William Chan Runway Walk
Chinese actor William Chan became the first Asian celebrity to walk the Zegna runway
The fashion industry has a complicated relationship with firsts. On one hand, it celebrates them — the first this, the first that, the barrier broken, the ceiling shattered. On the other, it reveals how long the barrier stood. How many seasons passed. How many collections were cast without asking the question at all.
William Chan walked the Zegna runway at Milan Fashion Week 2026. He was the first Asian celebrity to do so. Zegna is 116 years old.
The Significance of the Number
116 years. That is how long one of Italy’s most storied menswear houses operated before an Asian man walked its runway as more than an ambassador photographed backstage or a face on a campaign billboard. Chan’s appearance was the culmination of an eight-year partnership with the brand — a relationship built slowly, quietly, through mutual trust rather than transactional visibility.
The collection was called A Family Closet.

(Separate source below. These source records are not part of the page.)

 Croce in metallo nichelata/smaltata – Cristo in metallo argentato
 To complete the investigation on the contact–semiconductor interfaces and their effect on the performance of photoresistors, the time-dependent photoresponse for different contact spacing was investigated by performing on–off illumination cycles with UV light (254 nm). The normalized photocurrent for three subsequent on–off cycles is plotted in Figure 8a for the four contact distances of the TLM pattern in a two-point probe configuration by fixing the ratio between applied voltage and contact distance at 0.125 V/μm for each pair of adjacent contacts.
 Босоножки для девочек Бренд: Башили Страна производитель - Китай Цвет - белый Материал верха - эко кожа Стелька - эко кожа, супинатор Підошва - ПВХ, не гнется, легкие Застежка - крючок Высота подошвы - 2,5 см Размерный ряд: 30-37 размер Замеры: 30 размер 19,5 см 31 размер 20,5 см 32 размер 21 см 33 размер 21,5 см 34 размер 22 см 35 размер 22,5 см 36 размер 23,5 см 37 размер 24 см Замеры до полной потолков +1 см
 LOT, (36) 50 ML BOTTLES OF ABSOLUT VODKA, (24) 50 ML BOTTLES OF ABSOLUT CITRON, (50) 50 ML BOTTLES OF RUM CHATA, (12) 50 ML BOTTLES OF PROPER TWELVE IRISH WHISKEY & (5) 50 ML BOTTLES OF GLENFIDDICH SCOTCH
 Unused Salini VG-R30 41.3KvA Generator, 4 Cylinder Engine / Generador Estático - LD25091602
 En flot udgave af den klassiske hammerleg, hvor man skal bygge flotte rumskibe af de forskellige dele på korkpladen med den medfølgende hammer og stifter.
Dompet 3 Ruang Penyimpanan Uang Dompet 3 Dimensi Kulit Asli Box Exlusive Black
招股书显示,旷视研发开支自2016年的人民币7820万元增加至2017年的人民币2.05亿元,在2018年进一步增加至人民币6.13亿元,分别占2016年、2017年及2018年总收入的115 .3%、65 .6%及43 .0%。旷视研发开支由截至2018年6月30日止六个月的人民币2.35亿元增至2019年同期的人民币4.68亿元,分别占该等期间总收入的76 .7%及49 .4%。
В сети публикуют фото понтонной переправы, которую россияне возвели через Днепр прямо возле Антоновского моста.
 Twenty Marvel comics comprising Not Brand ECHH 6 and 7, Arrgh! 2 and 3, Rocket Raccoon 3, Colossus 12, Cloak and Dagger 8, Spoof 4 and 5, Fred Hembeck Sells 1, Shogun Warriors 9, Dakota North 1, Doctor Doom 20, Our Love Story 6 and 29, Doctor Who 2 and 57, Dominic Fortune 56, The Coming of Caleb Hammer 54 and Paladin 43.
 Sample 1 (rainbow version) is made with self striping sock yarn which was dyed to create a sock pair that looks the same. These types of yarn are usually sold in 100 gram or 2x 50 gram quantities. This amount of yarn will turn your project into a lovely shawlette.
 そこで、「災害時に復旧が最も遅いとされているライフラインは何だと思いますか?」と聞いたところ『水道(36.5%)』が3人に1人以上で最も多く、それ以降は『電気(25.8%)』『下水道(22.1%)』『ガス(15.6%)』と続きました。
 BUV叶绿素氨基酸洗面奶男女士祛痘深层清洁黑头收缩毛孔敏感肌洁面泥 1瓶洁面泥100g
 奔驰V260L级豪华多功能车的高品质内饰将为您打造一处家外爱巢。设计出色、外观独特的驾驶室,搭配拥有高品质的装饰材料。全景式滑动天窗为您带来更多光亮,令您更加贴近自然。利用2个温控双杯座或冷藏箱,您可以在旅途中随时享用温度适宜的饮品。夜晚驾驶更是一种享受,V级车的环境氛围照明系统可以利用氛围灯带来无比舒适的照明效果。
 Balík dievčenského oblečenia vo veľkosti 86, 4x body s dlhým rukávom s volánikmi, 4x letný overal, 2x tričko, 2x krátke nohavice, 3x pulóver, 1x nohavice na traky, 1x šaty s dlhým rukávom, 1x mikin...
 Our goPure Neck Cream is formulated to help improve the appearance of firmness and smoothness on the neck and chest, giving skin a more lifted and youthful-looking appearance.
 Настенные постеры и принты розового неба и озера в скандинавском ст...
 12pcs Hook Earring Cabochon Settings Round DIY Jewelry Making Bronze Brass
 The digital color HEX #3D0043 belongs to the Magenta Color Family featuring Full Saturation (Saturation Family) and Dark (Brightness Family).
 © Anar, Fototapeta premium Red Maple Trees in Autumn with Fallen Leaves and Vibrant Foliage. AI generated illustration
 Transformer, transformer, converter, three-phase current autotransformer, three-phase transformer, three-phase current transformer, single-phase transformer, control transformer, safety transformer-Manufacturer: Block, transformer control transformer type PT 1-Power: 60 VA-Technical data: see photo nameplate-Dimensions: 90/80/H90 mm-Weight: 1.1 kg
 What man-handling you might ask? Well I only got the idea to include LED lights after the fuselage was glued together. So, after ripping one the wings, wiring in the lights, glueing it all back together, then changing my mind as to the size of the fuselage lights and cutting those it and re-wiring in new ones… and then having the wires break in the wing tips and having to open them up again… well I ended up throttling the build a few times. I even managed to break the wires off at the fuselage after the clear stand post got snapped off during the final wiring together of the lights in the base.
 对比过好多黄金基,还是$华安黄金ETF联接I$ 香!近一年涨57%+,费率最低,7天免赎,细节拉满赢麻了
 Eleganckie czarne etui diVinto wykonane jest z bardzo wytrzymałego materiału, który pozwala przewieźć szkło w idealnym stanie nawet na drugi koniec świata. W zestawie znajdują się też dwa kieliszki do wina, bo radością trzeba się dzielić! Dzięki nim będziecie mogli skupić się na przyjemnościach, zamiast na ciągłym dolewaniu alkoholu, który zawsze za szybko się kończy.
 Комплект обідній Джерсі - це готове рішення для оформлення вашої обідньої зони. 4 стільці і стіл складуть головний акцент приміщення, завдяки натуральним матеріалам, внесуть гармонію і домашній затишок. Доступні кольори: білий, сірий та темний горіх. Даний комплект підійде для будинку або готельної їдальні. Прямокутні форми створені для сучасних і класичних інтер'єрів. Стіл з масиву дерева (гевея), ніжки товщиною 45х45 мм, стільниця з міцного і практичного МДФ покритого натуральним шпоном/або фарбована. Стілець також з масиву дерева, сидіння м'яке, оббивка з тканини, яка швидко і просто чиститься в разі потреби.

It was about heirloom garments, legacy, continuity. Zegna appointed Chan as its new global ambassador in the same breath, his runway debut folding into a larger narrative about what endurance looks like — in clothing, in relationships, in culture.
Why Chan, Why Now
Chan’s persona is precisely what Zegna’s China strategy needed. Composed, understated, recently a father — his transition into a quieter, more considered public life aligns with the collection’s themes in a way that feels earned rather than engineered. He is not a brand vehicle. He is a collaborator.
This matters because the alternative — the celebrity ambassador as logo carrier — has grown visibly tired. Asian consumers, particularly the young ultra-high-net-worth cohort that luxury brands are competing for, are sophisticated readers of authenticity. They know the difference between a brand that sees them and a brand that wants their money.
What Comes Next
Chan’s walk opens a door. Not because the industry needed his permission to walk through it, but because visibility compounds. When young Asian men see someone who looks like them on the runway of a 116-year-old Italian house, the relationship between Asian identity and luxury heritage shifts. It becomes less aspirational and more reciprocal.
The most interesting question now is not who will be next. It’s why the industry is still counting firsts in 2026 at all.